Hierarchical Refinement: Optimal Transport to Infinity and Beyond¶

Conference: ICML 2025 Oral
arXiv: 2503.03025
Code: None
Area: Optimal Transport / Algorithm Optimization
Keywords: Optimal Transport, Low-Rank Factorization, Hierarchical Refinement, Monge Map, Large-Scale Alignment

TL;DR¶

Proposes the Hierarchical Refinement (HiRef) algorithm, which dynamically constructs multi-scale data partitions by recursively solving low-rank optimal transport subproblems to obtain a full bijective Monge map in log-linear time and linear space complexity, scaling optimal transport to million-scale datasets.

Background & Motivation¶

Background: Optimal Transport (OT) is widely used in machine learning for data alignment, with the Sinkhorn algorithm being the most common solver, possessing \(O(n^2 \log n)\) time and \(O(n^2)\) space complexity. Low-rank OT reduces the space complexity to \(O(nr)\) but fails to yield a one-to-one point correspondence.
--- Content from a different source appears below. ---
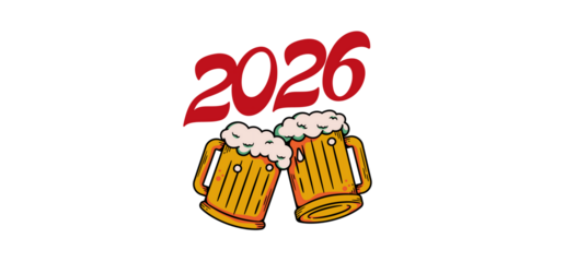 A festive image featuring two beer mugs and the year 2026 prominently displayed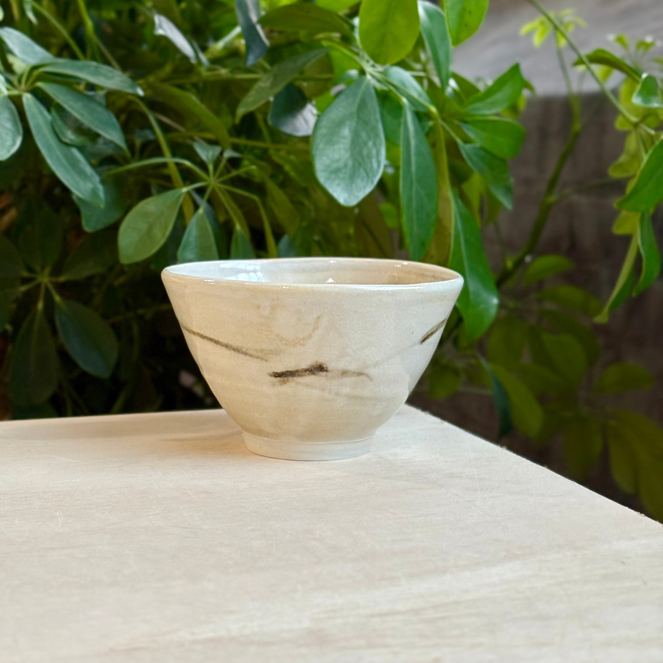 ガイ・マツダによるこの磁器のご飯茶碗は、ガス窯で焼成され、表情豊かな志野釉で仕上げられています。釉薬の流れや焼成の変化により、ひとつひとつに微妙な個体差があり、まったく同じものはありません。手に馴染む伝統的な形で、ご飯はもちろん、小さな食事やおやつにもぴったりです。

Limitations of Prior Work: (1) The quadratic space complexity of Sinkhorn limits its capability to process datasets beyond ~\(10^4\) points; (2) Although low-rank OT is efficient, it only yields approximate couplings with limited resolution and cannot recover exact bijective maps; (3) Mini-batch OT introduces systematic bias and does not compute global alignment; (4) Neural OT methods have limitations in recovering faithful maps.

Key Challenge: Full-rank OT produces exact Monge maps but incurs quadratic computational cost, while low-rank OT is computationally efficient but fails to provide one-to-one correspondences—requiring a method that combines the benefits of both.

Goal: Design an algorithm that recovers a full bijective Monge map and scales to million-scale data while maintaining the linear space complexity of low-rank OT.

Key Insight: The authors observe that the optimal factor matrices \((Q^*, R^*)\) of low-rank OT possess a key invariant: they assign each source point and its image under the Monge map to the same cluster. This implies that low-rank OT can be leveraged to correctly "co-cluster" source-target point pairs.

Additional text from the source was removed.